Virus Drug Controversy: Was Trump Right?
Controversy continues to rage over President Trump’s advocacy of the malaria drug hydroxychloroquine (HC) to combat the coronavirus. As we reported last month, Trump critics were shocked, shocked that the president would dare to venture a medical opinion, but based on anecdotal evidence from around the globe, it appeared to us that the president had placed a bold winning bet on HC.
The blowback was fierce. The White House for a time fell silent on HC. On Sunday, Trump jumped back into the fray with a defense of the drug and an attack on his critics at a Fox News Town Hall event.
Response to the Judicial Watch article was swift, particularly after Trump retweeted journalist Paul Sperry’s tweet about the story. We received a lot of email. Many of the comments can’t be repeated in this family-friendly venue. Others were enlightening.
“I’ve been tracking HC treatment and outcomes all over the world,” writes a data analyst. “Long story short, HC-treated patients have a case fatality rate of 0.5% (5 out of 1000) whereas the worldwide rate is 6.9% (69 out of 1000). In other words, current evidence suggests you’re more than 12 times more likely to die if you are diagnosed with COVID 19 and you don’t get HC treatment.”
“I am a Florida physician prescribing HC to patients,” another reader writes. “I do hope it is a winning bet. My take is it helps early and should be used with zinc. Shortened illness. Less lung problems.” Hospitalized patients getting HC should be on heart monitors, this physician warns, a nod to concerns about possible dangerous side effects.
Another reader directed us to an AP story about a Veterans Administration study that showed no benefit and increased deaths from HC. The VA quickly pushed back on the story. VA Secretary Robert Wilkie sent a letter to veterans’ organizations saying the VA study had led to “misinformation” about treatments at VA hospitals. Wilkie said HC was only given to patients at “highest risk” and noted that the Food and Drug Administration had approved HC for emergency use. (The FDA also issued a later warning that HC could lead to dangerous heart rhythm issues.)
In Turkey, the government has thrown HC at everyone with the virus—more than 117,000 cases. 3000 have died, but that’s lower than the global death rate, Turkish officials say. The “relatively low death toll is thanks to treatment protocols in the country, which involve two existing drugs—the controversial anti-malaria drug hydroxychloroquine touted by President Trump, and Japanese antiviral favipiravir,” CBS News reports.

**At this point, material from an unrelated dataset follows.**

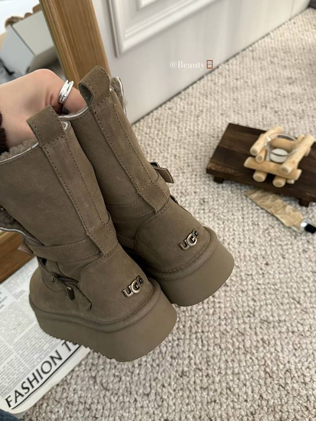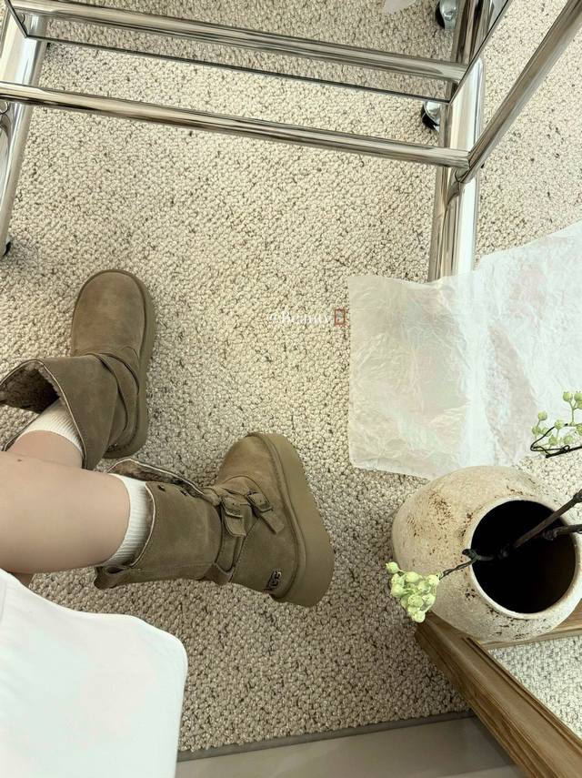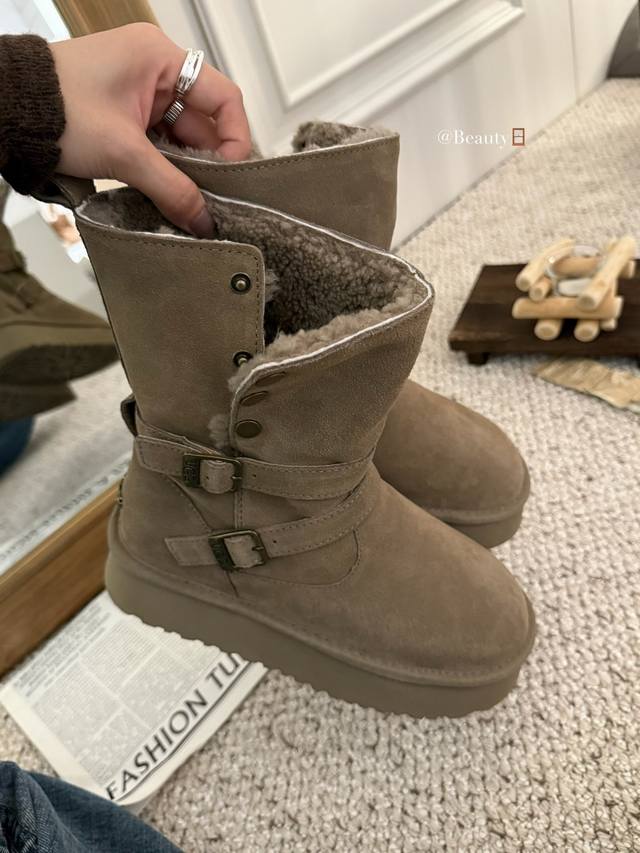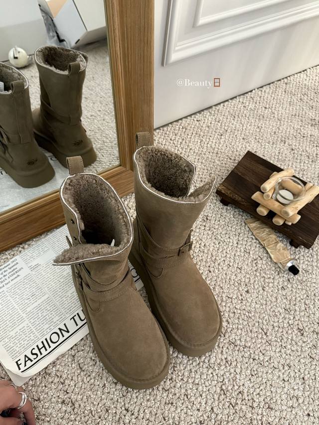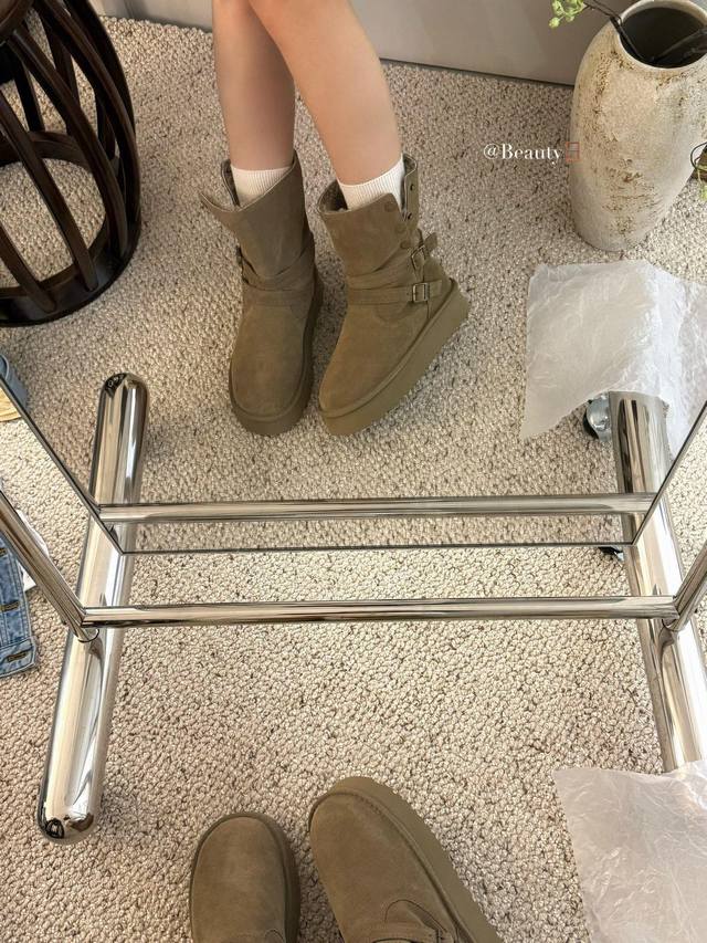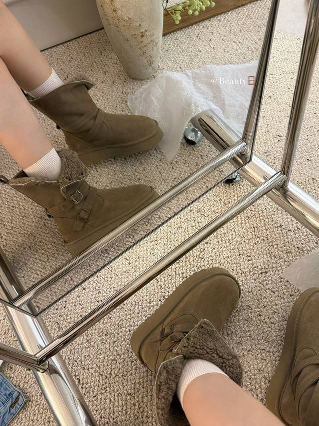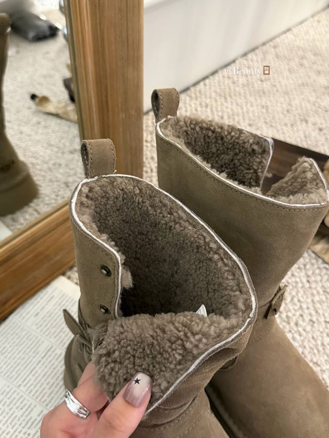 / 暖扣机车靴救命!这双Ugg骑士雪地靴也太会了吧!! 牛绒面革+内里羊毛一整个把冬日温暖拿捏住 皮带设计飒爽感拉满,厚底还悄悄显高 穿上它踩雪逛街都像踩在云朵上

“Doctors prescribe hydroxychloroquine to everyone who is tested positive for coronavirus,” a Turkish medical official told CBS. “Hospitalized patients may be given favipiravir as well if they encounter breathing problems.” The drug combination seemed to “delay or eliminate the need for intensive care for patients.”
The Turkish effort is not a clinical trial. It’s life in medical wartime. Closer to home, that also appears to be the case at the Yale New Haven Health hospital system, reports the website Medscape. The site is behind a paywall but Yahoo, reporting on the findings, noted that physicians at Yale were prescribing HC “because it had shown potential for success.” Other hospitals also continue to give HC to virus patients, the Yahoo report notes. That’s what Judicial Watch is hearing from front line medical personnel in New York as well.
The bottom line? HC is not without risks, but at hospitals and clinics across the country, it’s life in wartime and increasingly it appears that physicians and medical administrators are deciding that to save lives, HC is a gamble worth taking.
Trump’s bold bet is still looking like a winner.